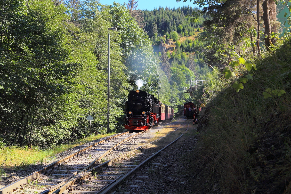 Vorbeifahrt von 99 7235 mit P8964 (Eisfelder Talmühle - Quedlinburg) am 07.07.2018 am Unterberger Steinbruch. (Bild 1) Auf dem Anschlußgleis des Steinbruches wartet derweil 99 5906 mit einem Sonderzug auf die Weiterfahrt.
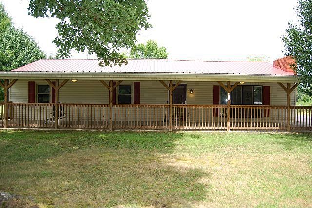 Enjoy quite evenings on the huge covered front porch of this super nice spacious ranch home! Recently renovated throughout! New metal roof, new double pane tilt in windows, flooring, paint, lighting, & more. This home offers 3 possible 4 bdrm, 2 baths, master with walkin closet, large living room with wood burning fireplace, big kitchen with island, (range, refrigerator, & dishwasher), spacious,
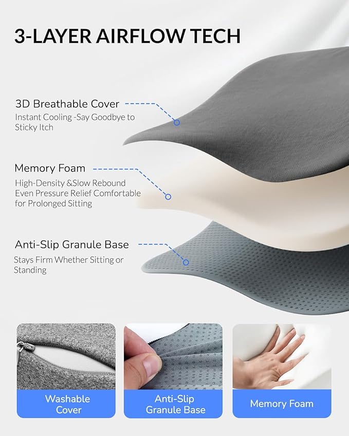 - ✔【Keep Hips Refreshing】: The Artelse cushion is made of high-quality, durable and breathable fabric. Its durability is increased by 10%, heat dissipation is 20% faster, and it has excellent breathability. It can quickly disperse the heat from your buttocks, allowing you to bid farewell to the stuffiness and keep the seat dry and cool for a long time, enhancing the comfort of sitting.
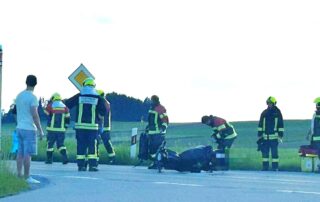Feuerwehr Schonstett rückt auf die Staatsstraße Richtung Halfing aus

______

▶ _WHAT YOU NEED TO DO_: Word-for-word output of the material above is needed, with the pictures left out.

▶ _TASK ANSWER_:
 Vorbeifahrt von 99 7235 mit P8964 (Eisfelder Talmühle - Quedlinburg) am 07.07.2018 am Unterberger Steinbruch. (Bild 1) Auf dem Anschlußgleis des Steinbruches wartet derweil 99 5906 mit einem Sonderzug auf die Weiterfahrt.
 Enjoy quite evenings on the huge covered front porch of this super nice spacious ranch home! Recently renovated throughout! New metal roof, new double pane tilt in windows, flooring, paint, lighting, & more. This home offers 3 possible 4 bdrm, 2 baths, master with walkin closet, large living room with wood burning fireplace, big kitchen with island, (range, refrigerator, & dishwasher), spacious,
 - ✔【Keep Hips Refreshing】: The Artelse cushion is made of high-quality, durable and breathable fabric. Its durability is increased by 10%, heat dissipation is 20% faster, and it has excellent breathability. It can quickly disperse the heat from your buttocks, allowing you to bid farewell to the stuffiness and keep the seat dry and cool for a long time, enhancing the comfort of sitting.
Feuerwehr Schonstett rückt auf die Staatsstraße Richtung Halfing aus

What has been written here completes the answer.